### REQUIRED WORK
The answer must consist solely of the lines below starting at the one containing "Agenda de Energía" and ending at the one containing "史丹利水口钳6寸电子剪钳塑料模型剪切钳薄刃斜口钳斜嘴钳剥线钳", repeated exactly, with both ends included and all pictures omitted.

== DATA SUPPLIED

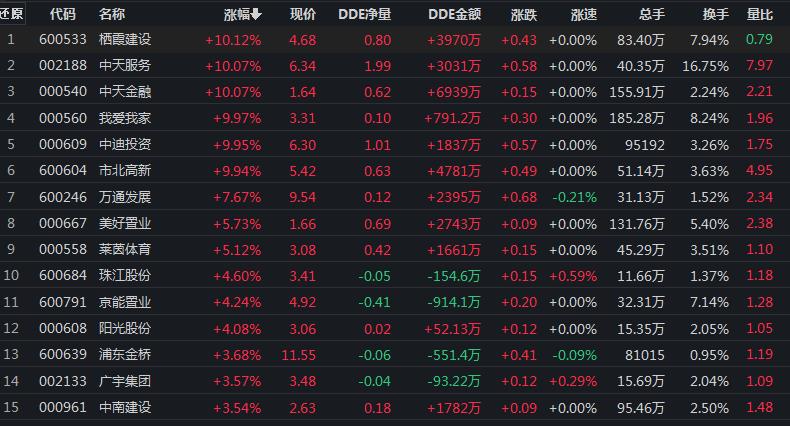 9月21日,房地產(chǎn)行業(yè)漲幅居首達(dá)1.41%。其中,市北高新、我愛我家、中天服務(wù)、棲霞建設(shè)、中天金融、中迪投資等6只個股集體漲停。
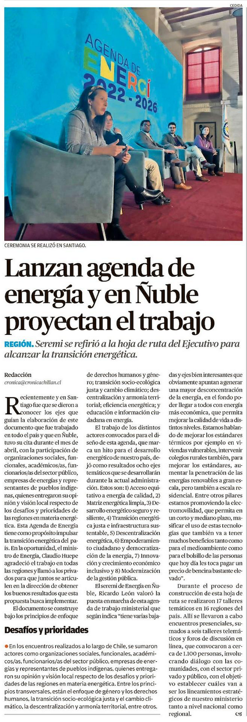 Agenda de Energía 2022-2026: Gobierno de Boric lanzó su ruta hacia "una transición socio-ecológica justa" - (cooperativa online)
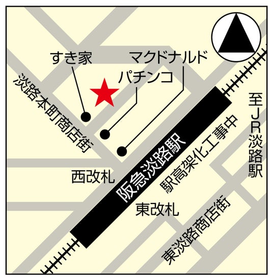 今回オープンする淡路応援団は、阪急淡路駅の西改札口から徒歩1分、とても便利な場所です。淡路駅周辺では現在、駅高架化工事が行われており近い将来、駅周辺が一変すると思われます。
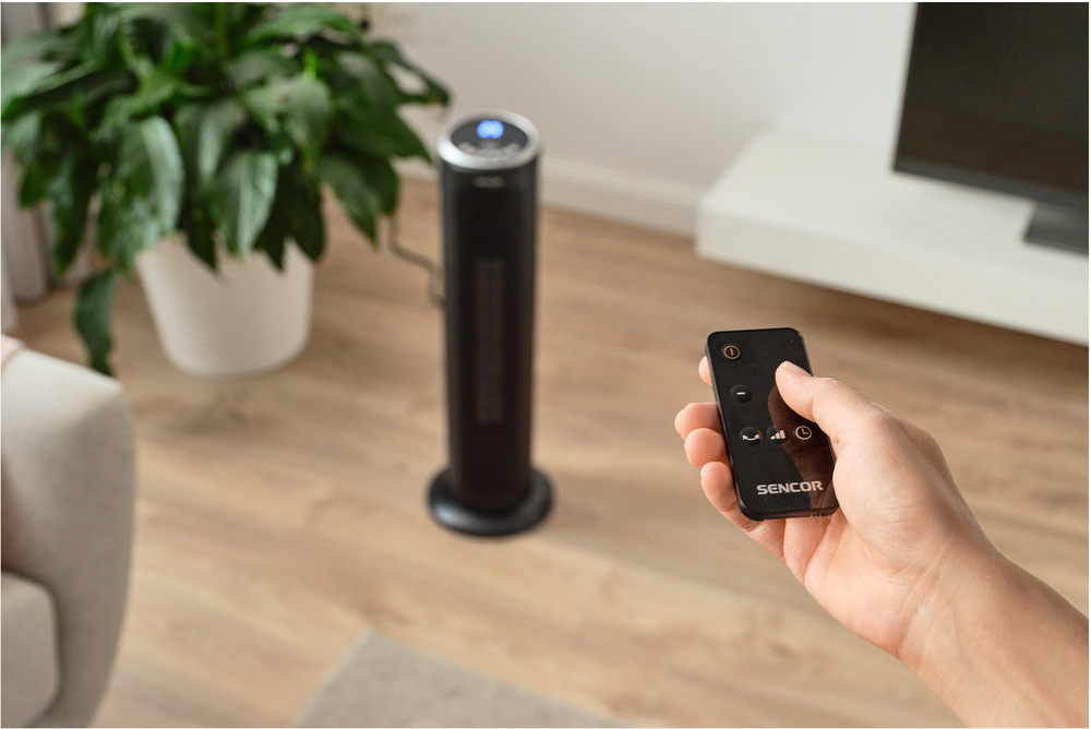 Innovatív sFH 8990BK oszlopfűtő a végső megoldás legfeljebb 24 m²-es helyiségek fűtésére. Modern PTC technológia kerámia cellákkalamelyek rendkívül hatékony légfűtést biztosítanak. A hagyományos fűtőtestekhez képest a kerámiacellák lényegesen gyorsabban érik el a kívánt hőmérsékletet, és nagyobb hatékonyságot biztosítanak. Fontos előnye, hogy nem történik a levegő kiszáradása vagy az oxigén elégetése, ami kellemesebb légzési környezetet teremt. A fűtőberendezés három üzemmóddal rendelkezik, beleértve a különálló ventilátort és két teljesítményszintet - 1300 W a gazdaságos működéshez a 2200 W a gyors fűtéshez.
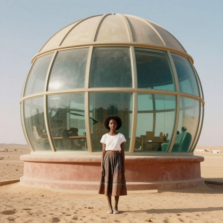Photograph of a young Black woman standing in front of a spherical, glass-domed building in a desert. She has a medium brown skin tone, short curly black hair, and is wearing a white short-sleeve blouse with a dark, patterned knee-length skirt. The glass dome has gold-colored metal frames and reflections of the clear blue sky. Inside, faintly visible, are tables and chairs. The desert sand surrounding the building is light beige, and the sky is clear. The woman stands barefoot with a relaxed posture, looking directly at the camera.
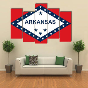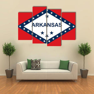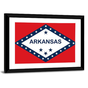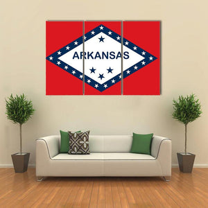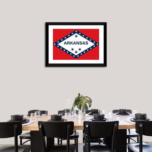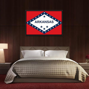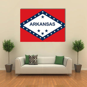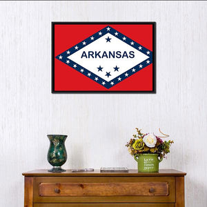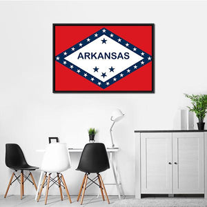 Arkansas State Flag canvas showing the state flag’s bold red, white and blue graphic with “ARKANSAS” text and stars. The symmetrical, graphic design reads as patriotic and confident, a good fit for modern home or office decor.
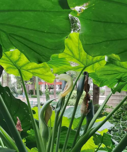 滴水观音属于天南星科、海芋属直立草本植物,植株高度为3米,茎干生长粗壮,表面总会分泌出粘液。叶片主要聚集生长在茎干的顶端,形状为卵状戟形,长度为30~90厘米,宽度为5~8厘米,叶柄的长度为1米。
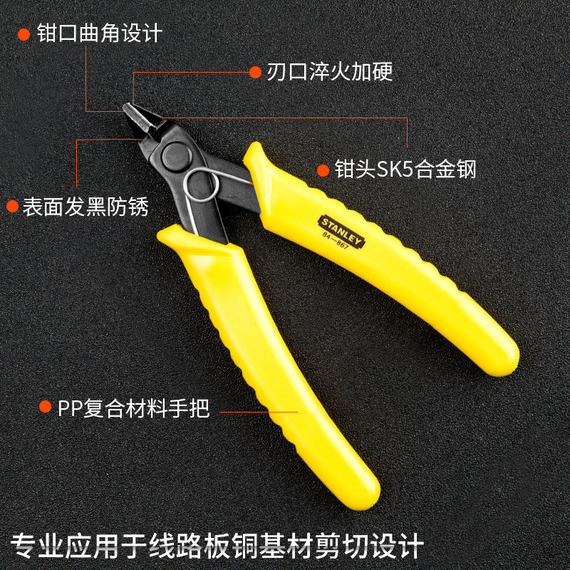 史丹利水口钳6寸电子剪钳塑料模型剪切钳薄刃斜口钳斜嘴钳剥线钳
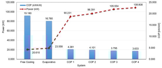 For each case study, COP is determined for two conditions, with or without the work of the fans.
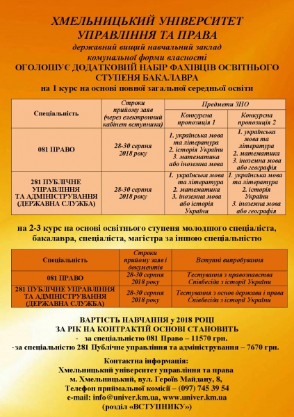 ХМЕЛЬНИЦЬКИЙ УНІВЕРСИТЕТ УПРАВЛІННЯ ТА ПРАВА ОГОЛОШУЄ ДОДАТКОВИЙ НАБІР ФАХІВЦІВ У 2018 році
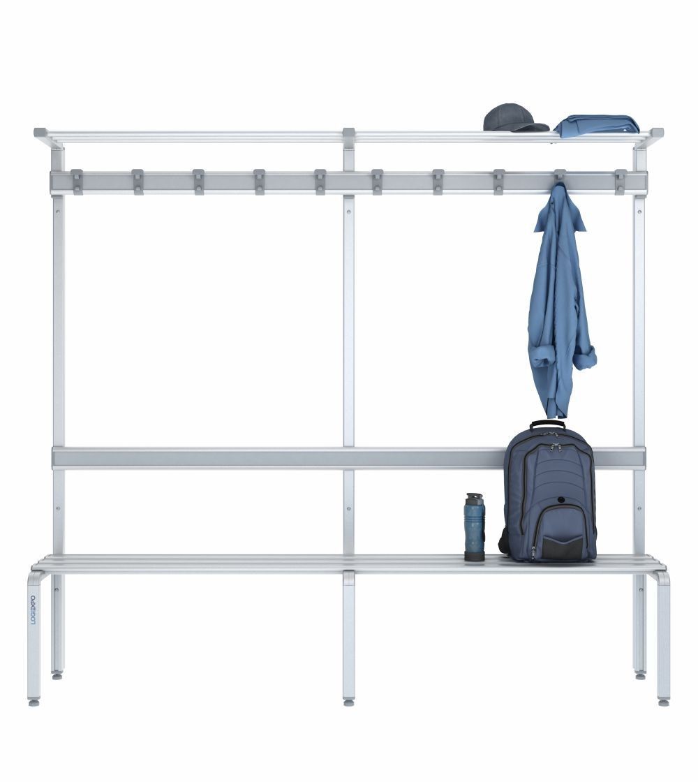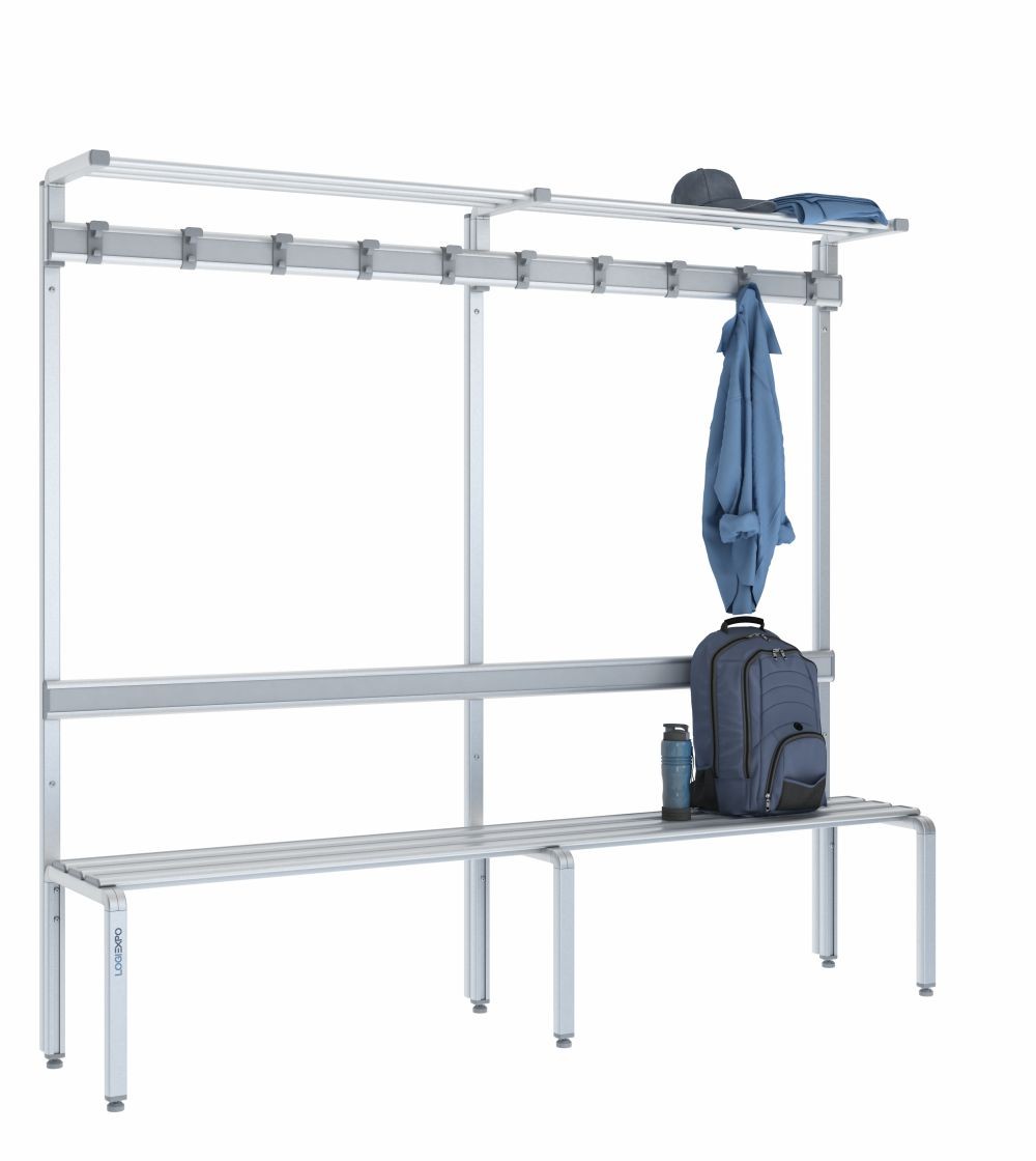 Pensata per palestre, piscine, centri sportivi e spogliatoi aziendali, questa panca integra in una sola soluzione:
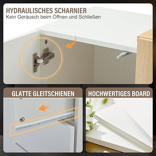 Physport Sideboard Blanc Brillant, Buffet de Salle à Manger Moderne avec Rangement, Armoire de Stockage Moderne Minimaliste Couleur Bois, 160 * 37 * 75 cm
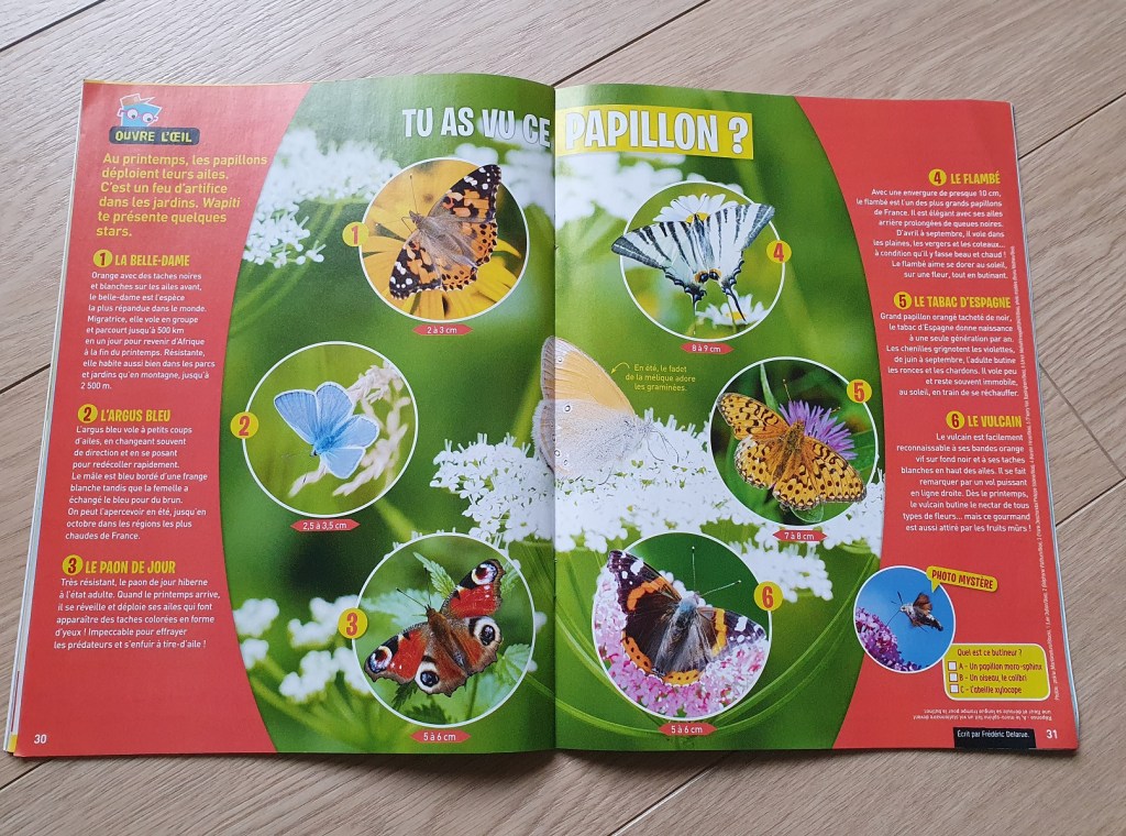 Pour continuer sur les papillons, nous avons observé différentes espèces de papillon dans le magazine Wapiti du mois de juin.
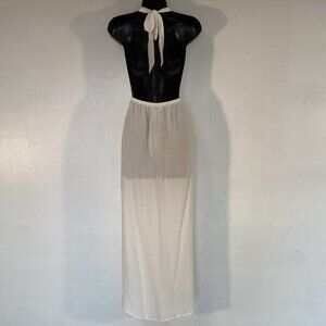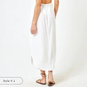 The Marina Cover-Up is a midi length dress that was made for a relaxing day in the sun. A halter tie neck allows you to adjust the fit while the deep-v front and cut outs on both sides allow your skin to breathe when the weather starts to heat up.

====

### TASK OUTPUT
 Agenda de Energía 2022-2026: Gobierno de Boric lanzó su ruta hacia "una transición socio-ecológica justa" - (cooperativa online)
 今回オープンする淡路応援団は、阪急淡路駅の西改札口から徒歩1分、とても便利な場所です。淡路駅周辺では現在、駅高架化工事が行われており近い将来、駅周辺が一変すると思われます。
 Innovatív sFH 8990BK oszlopfűtő a végső megoldás legfeljebb 24 m²-es helyiségek fűtésére. Modern PTC technológia kerámia cellákkalamelyek rendkívül hatékony légfűtést biztosítanak. A hagyományos fűtőtestekhez képest a kerámiacellák lényegesen gyorsabban érik el a kívánt hőmérsékletet, és nagyobb hatékonyságot biztosítanak. Fontos előnye, hogy nem történik a levegő kiszáradása vagy az oxigén elégetése, ami kellemesebb légzési környezetet teremt. A fűtőberendezés három üzemmóddal rendelkezik, beleértve a különálló ventilátort és két teljesítményszintet - 1300 W a gazdaságos működéshez a 2200 W a gyors fűtéshez.
Photograph of a young Black woman standing in front of a spherical, glass-domed building in a desert. She has a medium brown skin tone, short curly black hair, and is wearing a white short-sleeve blouse with a dark, patterned knee-length skirt. The glass dome has gold-colored metal frames and reflections of the clear blue sky. Inside, faintly visible, are tables and chairs. The desert sand surrounding the building is light beige, and the sky is clear. The woman stands barefoot with a relaxed posture, looking directly at the camera.
 Arkansas State Flag canvas showing the state flag’s bold red, white and blue graphic with “ARKANSAS” text and stars. The symmetrical, graphic design reads as patriotic and confident, a good fit for modern home or office decor.
 滴水观音属于天南星科、海芋属直立草本植物,植株高度为3米,茎干生长粗壮,表面总会分泌出粘液。叶片主要聚集生长在茎干的顶端,形状为卵状戟形,长度为30~90厘米,宽度为5~8厘米,叶柄的长度为1米。
 史丹利水口钳6寸电子剪钳塑料模型剪切钳薄刃斜口钳斜嘴钳剥线钳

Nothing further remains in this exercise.